What are some of the key findings and outcomes that you would like to highlight from both typology works?
Mirja: I am using the typologies to perform a nuanced impact assessment of the different Africa RISING technologies. The same technology often has a very different impact on farms of different farm types. For some low resource endowed farms, an increased fertilizer application on maize may double operating profits but in high resource endowed farms, the same measure typically has a much lower impact, due to higher baseline input levels and the high profitability of other crops cultivated such as rice and groundnuts. I found it particularly interesting to observe how important crop soil fertility measures (e.g. legume integration and integrated soil fertility management) are for low resource endowed farmers, since they have no or only little livestock and therefore no manure to add to their fields.

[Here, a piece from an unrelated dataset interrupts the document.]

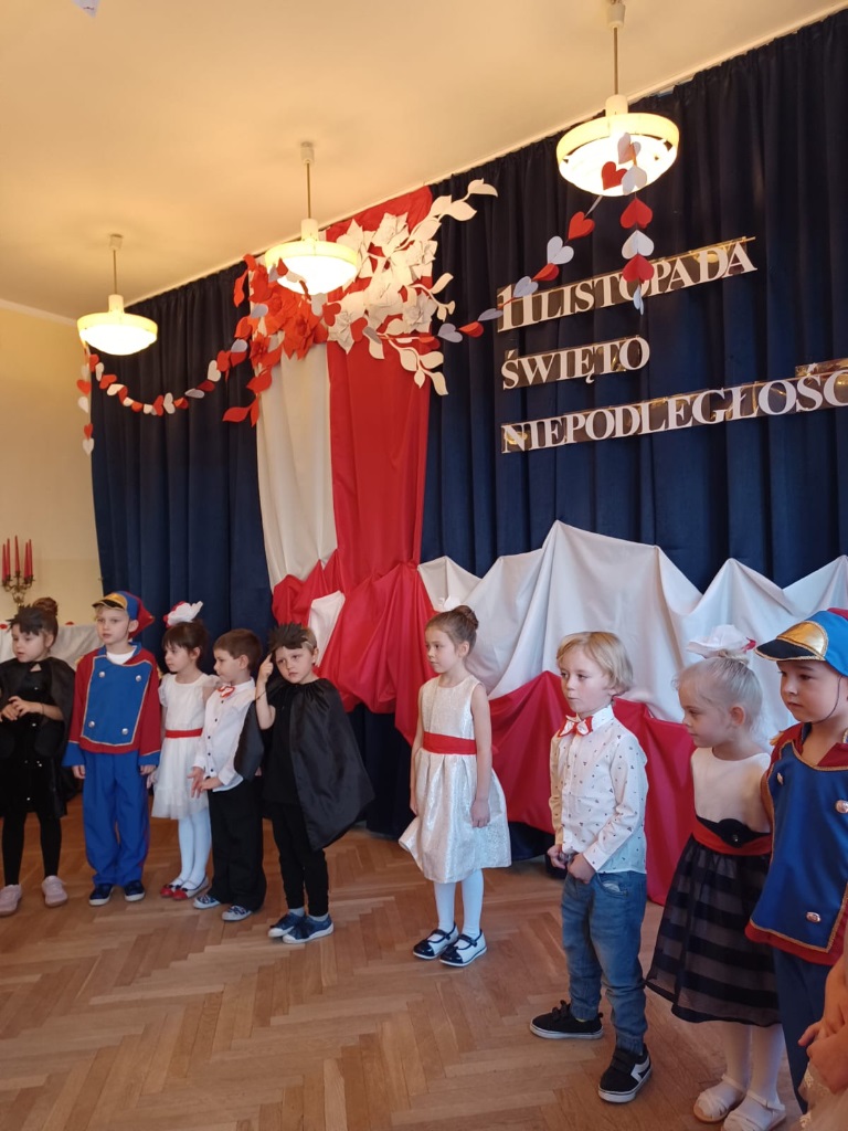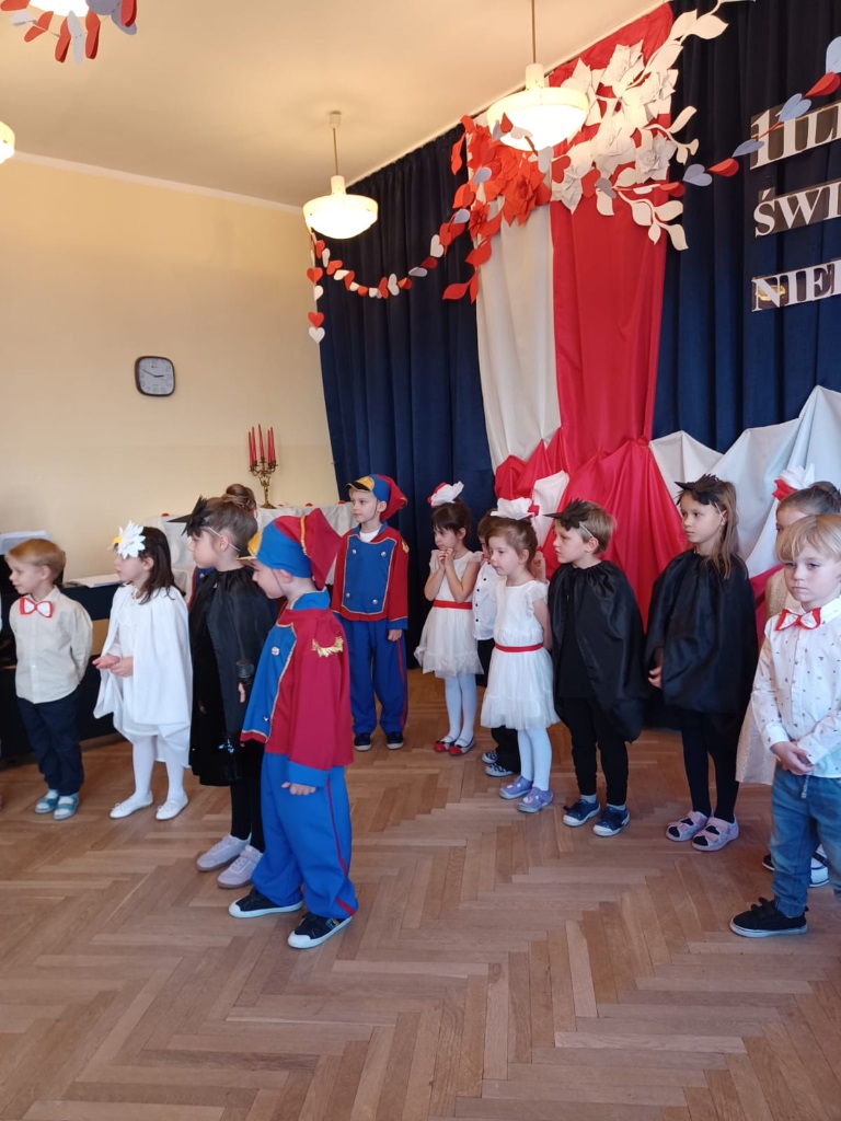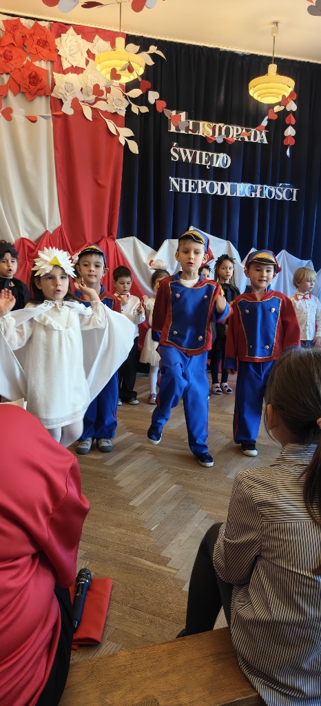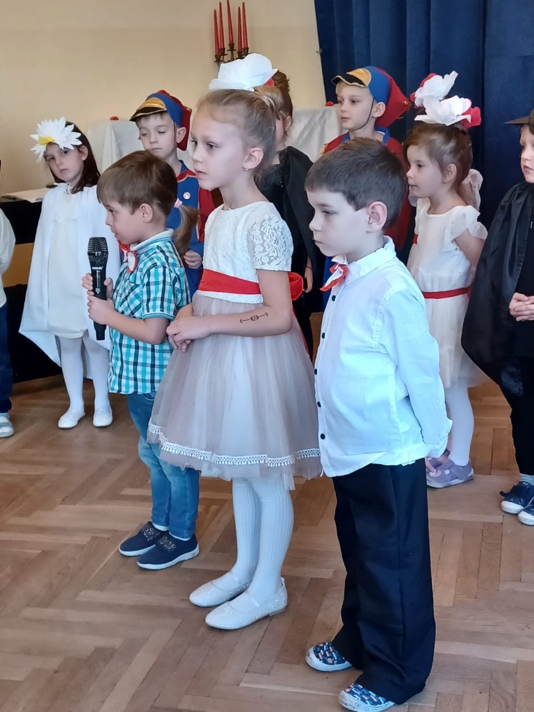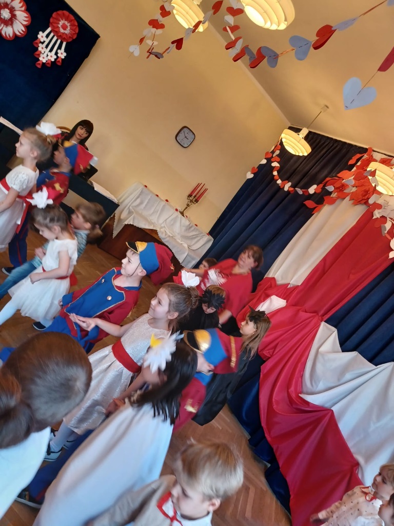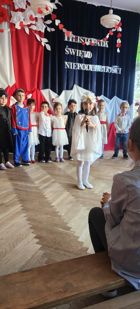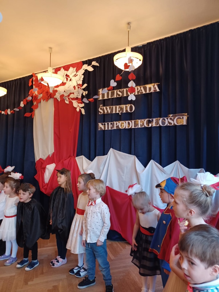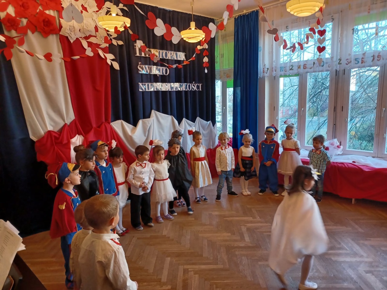 Z okazji Święta Niepodległości nasze przedszkolaki z grupy Elfy przygotowały wzruszające przedstawienie pt. „Pisk Białego Orła”. Mali artyści z ogromnym zaangażowaniem zaprezentowali program artystyczny pełen patriotycznych wierszy, piosenek i scenek, które przypomniały wszystkim o ważnych dla Polaków wartościach – wolności, miłości do ojczyzny i dumie z narodowych symboli. Podczas uroczystości dzieci w pięknych, strojach zaprezentowały wiersze, piosenki i krótkie scenki, które przypomniały wszystkim, jak ważne są dla nas wartości takie jak wolność, ojczyzna i miłość do Polski. Symbole narodowe – flaga, godło i hymn – towarzyszyły całemu wydarzeniu, a mali artyści z ogromnym zaangażowaniem i dumą opowiadali historię naszego kraju. Nie zabrakło też chwili wzruszenia przy wspólnym odśpiewaniu „Mazurka Dąbrowskiego”. Przedstawienie było nie tylko piękną lekcją patriotyzmu, ale też dowodem na to, że nawet najmłodsi potrafią z sercem i dumą mówić o Polsce. Przedstawienie było nie tylko lekcją historii i patriotyzmu, ale też wspaniałą okazją do wspólnego świętowania w duchu radości i jedności.

Sara: One of the striking results that emerged was the fact that highly endowed farmers are not necessarily scoring the highest across the other sustainable intensification domains. While the economic and productivity aspects seems to go in the same direction in most cases, it seems that they are not highly correlated with the level of education and the fertility of the soils (the results vary country by country). In addition, the level of female responsibility in managing plots and livestock seems to be the highest among the low-endowment households, which are also more frequently headed by women. These results underline the fact that there is no group that is performing well across the board but that each one of them needs support in his specific weaknesses.
What next for the two sets of typology characterization and clusters?
Mirja: I would like to know from the local experts of our project what they learned from the different approaches. What were the most interesting new insights for them? Which questions are still to be answered concerning farming systems diversity in our project sites? Personally, I am interested in diving deeper into intra-household diversity to understand how decisions are made and how adoption takes place. I will use the IFPRI types as a starting point for this investigation.
Sara: I think it is highly encouraging that, despite using different methodologies, the typology results from WUR and IFPRI in Ghana seems to be pointing in the same direction. After the appropriate validation of the results by the local teams, the next step would be to use the outcomes of the two studies in order to increase the efficacy of the Africa Rising interventions, especially in the light of the scaling that will take place in phase two.